Mississippi bail agents can charge 10 percent of the value of the bond or $100, whichever is greater, plus a $50 fee, on each bond. Even though bail agents all charge the same fees, Corbett Bonding (based in Tupelo) regularly writes more than 70 percent of bonds in several Mississippi counties. Corbett has been sued for monopolizing the bail business and complaints filed with the state insurance department allege Corbett has cornered the bail business by making illegal gifts to people who work in the jails and courts.

Mississippi insurance commissioner Mike Chaney told reporters that the bail system is “the most rotten system in the United States.” He said judges and lawyers told him that bail agents extorted sex from female clients and pushed men to transport drugs. After an FBI investigation into a bail agent who pleaded guilty to using counterfeit paperwork to write more than a million dollars in illegal bonds, Mr. Chaney succeeded in getting lawmakers to pass a new law that requires bail agents to record every bond on the insurance department’s website.

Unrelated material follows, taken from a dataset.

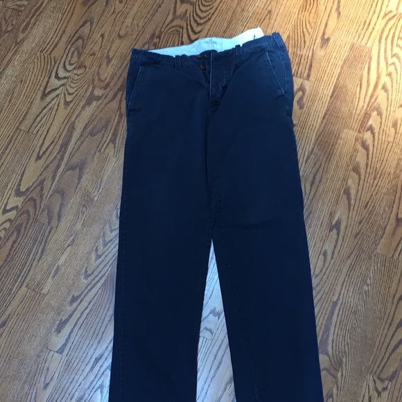 Navy 4 button fly pants comfortable brushed fabric

Mississippi has long been one of the friendliest places in the country for the bail bond industry, the Marshall Project reports. But starting in 2015, bail reform advocates filed lawsuits in several cities alleging that bond schedules for misdemeanors created unconstitutional debtors’ prisons by requiring those too poor to pay to wait up to a week in jail before seeing a judge. The cities responded by ending the use of money bail in misdemeanor cases.

Then, last year, new state court rules banned bail schedules and established the right to see a judge within 48 hours after arrest. The judge is required to release people who are not a flight risk or danger to the community on a written promise to appear. Cash bail will continue for most felonies.

Todd Kemp, sheriff of Clarke County and past president of the Mississippi Sheriffs Association, told the Marshall Project that the new rules have cut his jail population in half, making it safer and easier and less expensive to operate.

Adoption of the new rules statewide is expected to take time, and there is no statewide digital record system to ensure compliance. But reporters examining insurance data found the number of bonds written fell 19 percent in the first nine months since the rule change.

The Marshall Project found bail companies took in $43 million over 18 months in Mississippi, where average income is less than $22,000.